Berbeda dengan daerah yang dekat dengan ibukota sangat terawat dan
diperhatian oleh pemerintah seperti jalan yang berlubang sedikit saja akan
ada upaya pembetulan jalan kembali, penerangan jalan yang mati atau
rusak akan ada upaya pembenahan. Pemerintah belum berlaku adil
sehingga rakyat Indonesia belum bisa merasakan kesejahteraan
sepenuhnya.
Menurut Aristoteles tujuan negara yang ketiga adalah kebahagiaan
yang disebut leisure time atau waktu luang untuk membangun kedalaman
jiwa manusia. Rakyat Indonesia terlalu disibukkan dengan pekerjaan
sehingga tidak memiliki waktu luang untuk memahami diri sendiri
sehingga banyak penyakit yang timbul sebelum waktunya. Berbeda
dengan negara tetangga, walaupun disibukkan dengan pekerjaan tetapi
masih memiliki waktu luang untuk memahami diri sendiri. Setiap
perusahaan memberikan waktu luang para pekerjanya untuk berlibur dan
membiayainya. Dengan berlibur atau waktu luang tersebut pekerja akan
lebih bersemangat dan terhindar dari stres yang berlebihan sehingga
sumber daya manusia dapat berkembang dengan baik. Berbeda dengan
Indonesia, pekerja tidak ada waktu luang sehingga berakibat pada stres
yang berlebih dan sumber daya manusia tidak dapat berkembang dengan
baik.
Menurut Aristoteles tujuan negara yang keempat adalah
kebahagiaan atau eudaemonia yaitu merealisasi keutamaan atau kebaikan
(virtues).

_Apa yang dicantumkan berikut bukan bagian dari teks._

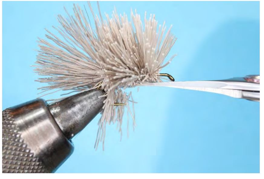
Step 8 Trim the deer hair flat under the shank of the hook.
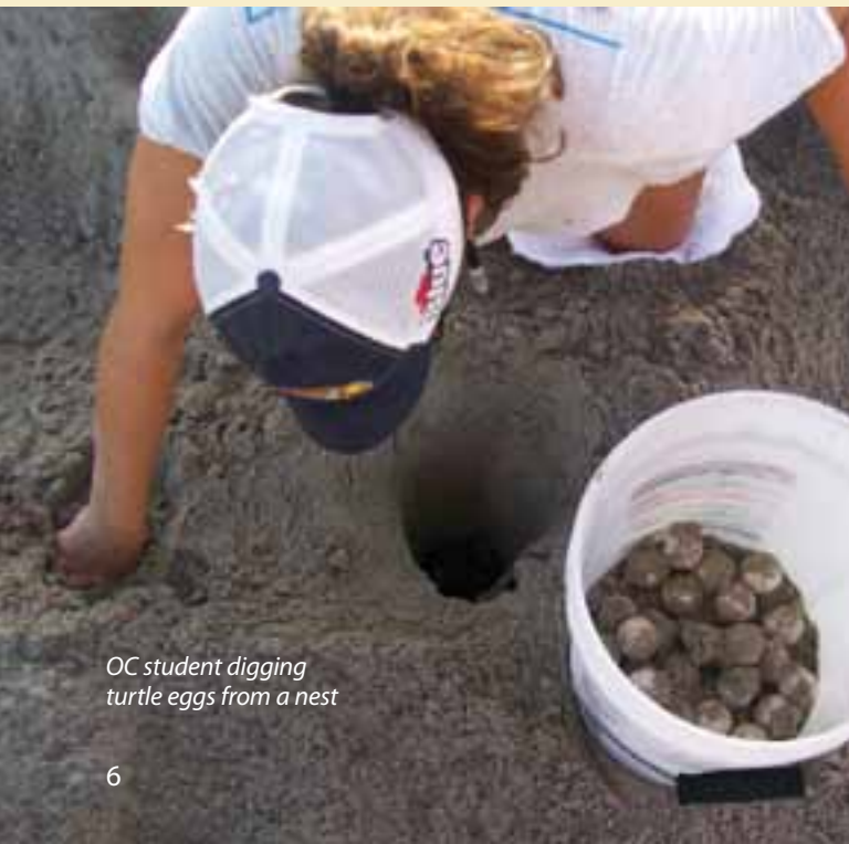
OC student digging turtle eggs from a nest
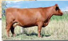
C-T BLOCKANA 1042. dam
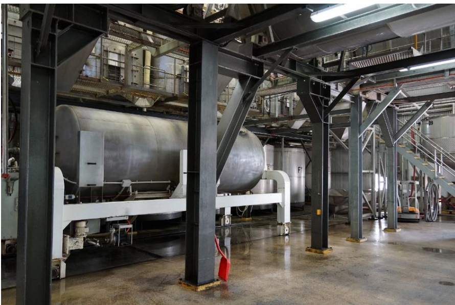
Brand's Laira Winery.

Seseorang tidak akan hidup bahagia jika memiliki moral yang
buruk. Ada orang yang memiliki kekayaan yang melimpah tetapi moralnya
buruk seperti melakukan korupsi tetapi dalam menjalani hidup sebenarnya
tidak bahagia karena akan terjerat kuasa hukum. Jika rakyat Indonesia bisa
berbuat kebaikan tanpa adanya kecurangan maka hidupnya akan bahagia.

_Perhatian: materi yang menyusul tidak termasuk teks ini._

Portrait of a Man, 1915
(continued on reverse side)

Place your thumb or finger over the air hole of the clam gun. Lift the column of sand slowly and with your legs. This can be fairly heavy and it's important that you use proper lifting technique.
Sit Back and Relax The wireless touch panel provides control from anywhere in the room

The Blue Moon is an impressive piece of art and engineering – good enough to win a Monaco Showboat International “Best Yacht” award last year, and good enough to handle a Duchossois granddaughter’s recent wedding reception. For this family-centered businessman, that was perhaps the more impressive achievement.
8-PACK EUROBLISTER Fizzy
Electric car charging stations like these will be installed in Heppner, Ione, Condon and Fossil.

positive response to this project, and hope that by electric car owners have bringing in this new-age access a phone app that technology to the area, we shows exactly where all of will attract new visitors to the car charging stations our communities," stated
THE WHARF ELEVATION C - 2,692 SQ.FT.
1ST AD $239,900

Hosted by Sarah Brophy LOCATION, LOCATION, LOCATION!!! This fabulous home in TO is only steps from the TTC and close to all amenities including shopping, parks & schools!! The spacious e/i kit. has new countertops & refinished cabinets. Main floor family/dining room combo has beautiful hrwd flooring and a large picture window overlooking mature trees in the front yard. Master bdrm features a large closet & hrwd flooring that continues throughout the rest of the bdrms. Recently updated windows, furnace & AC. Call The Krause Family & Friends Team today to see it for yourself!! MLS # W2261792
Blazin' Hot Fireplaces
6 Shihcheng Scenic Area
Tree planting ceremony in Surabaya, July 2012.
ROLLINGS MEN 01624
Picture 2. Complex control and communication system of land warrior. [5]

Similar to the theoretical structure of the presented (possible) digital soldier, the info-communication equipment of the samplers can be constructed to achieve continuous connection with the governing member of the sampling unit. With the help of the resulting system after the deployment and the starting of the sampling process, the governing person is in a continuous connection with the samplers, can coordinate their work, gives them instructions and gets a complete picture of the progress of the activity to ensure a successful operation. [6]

Selain itu salah satu tujuan negara akan tercapai.

9
4. PENUTUP
Legitimasi dan tujuan negara merupakan satu kesatuan yang harus
dilaksanakan dan diwujudkan untuk membangun negara agar dapat bersaing
dengan negara tetangga. Memilih kepala negara juga harus didasarkan pada
legitimasi dan pemimpin negara harus berusaha untuk membentuk strategi agar
negara Indonesia mampu mewujudkan tujuan negara dan rakyat Indonesia bisa
sejahtera dan bahagia.

DAFTAR PUSTAKA

Buku – buku
Dewantara, Agustinus W. 2017. Diskursus Filsafat Pancasila Dewasa Ini.
Yogyakarta: PT. Kanisius Yogyakarta.

Jurnal
Dewantara, A. (2017). Diskursus Filsafat Pancasila Dewasa Ini.

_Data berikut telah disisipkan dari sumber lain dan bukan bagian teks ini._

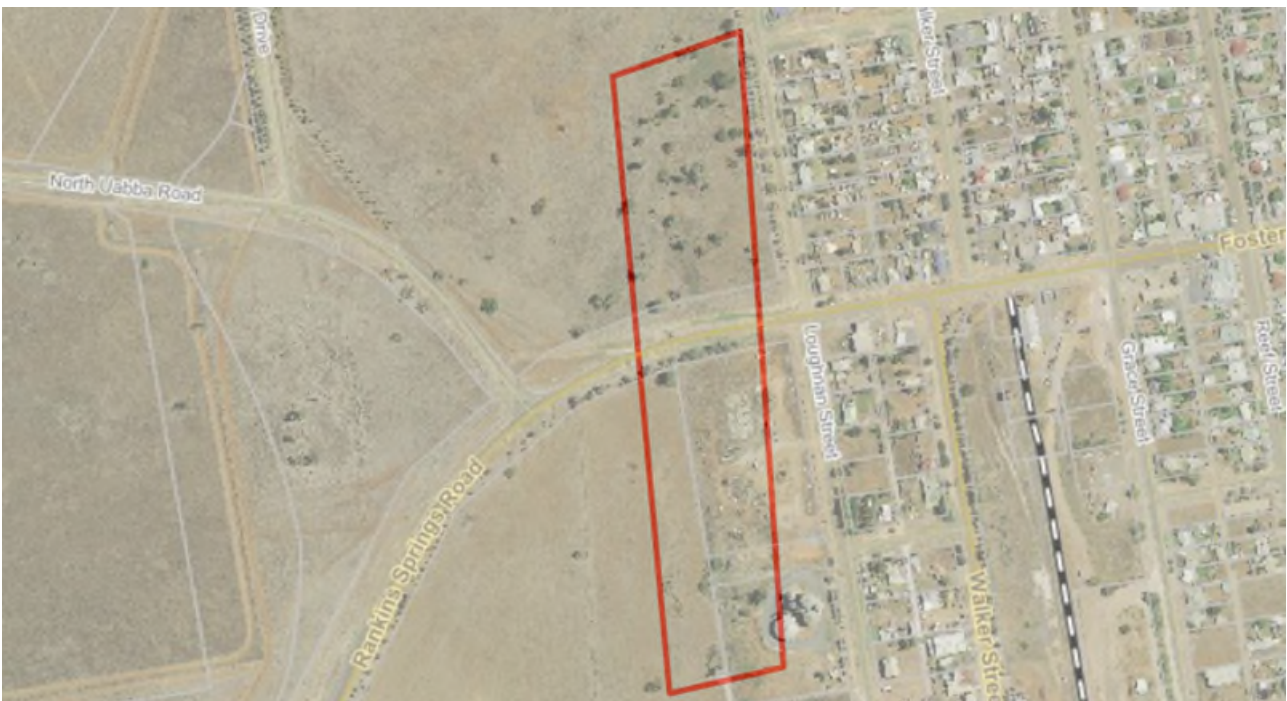
Lake Cargelligo – Loughnan Street and Rankin Springs Road
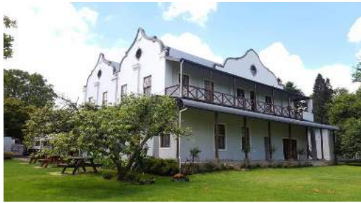
Neighbour- Nottingham Road Hotel
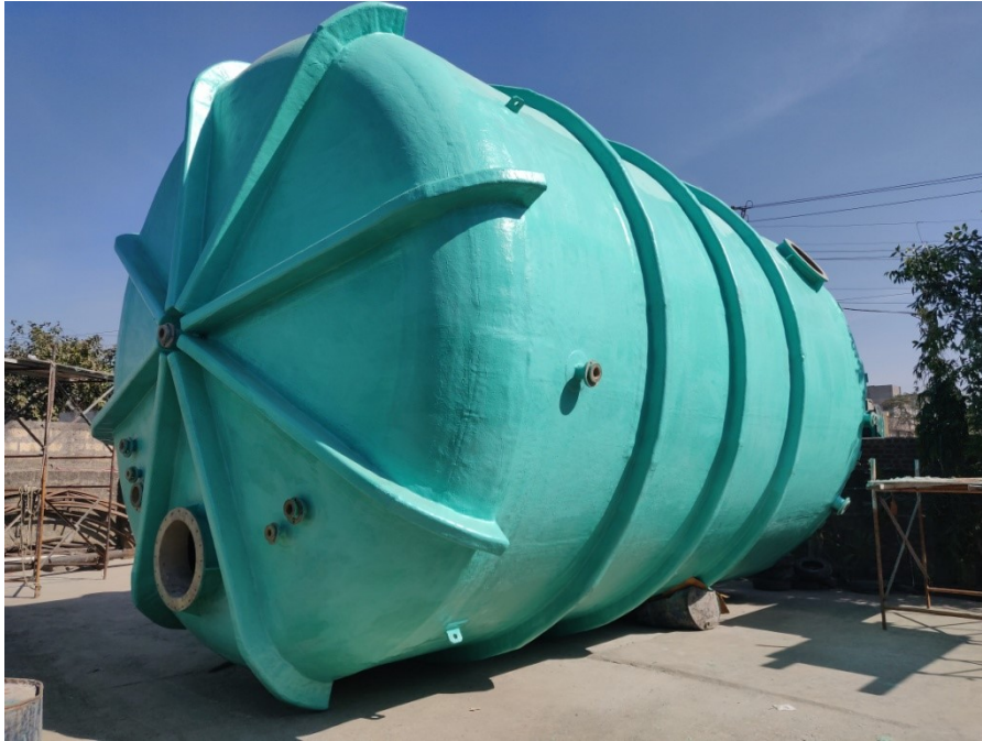
150m3 - Capacity

Dewantara, A. (2018). Pancasila Dan Multikulturalisme Indonesia.
Dewantara, A. (2017). Filsafat Moral (Pergumulan Etis Keseharian Hidup
Manusia).
Dewantara, A. W. (2017). Alangkah hebatnya negara gotong royong: Indonesia
dalam kacamata Soekarno. PT Kanisius.
Dewantara, A. W. (2015). Pancasila Sebagai Pondasi Pendidikan Agama Di
Indonesia. CIVIS, 5(1/Januari).
DEWANTARA, A. W. (2016). GOTONG-ROYONG MENURUT SOEKARNO
DALAM PERSPEKTIF AKSIOLOGI MAX SCHELER, DAN
SUMBANGANNYA BAGI NASIONALISME INDONESIA (Doctoral
dissertation, Universitas Gadjah Mada).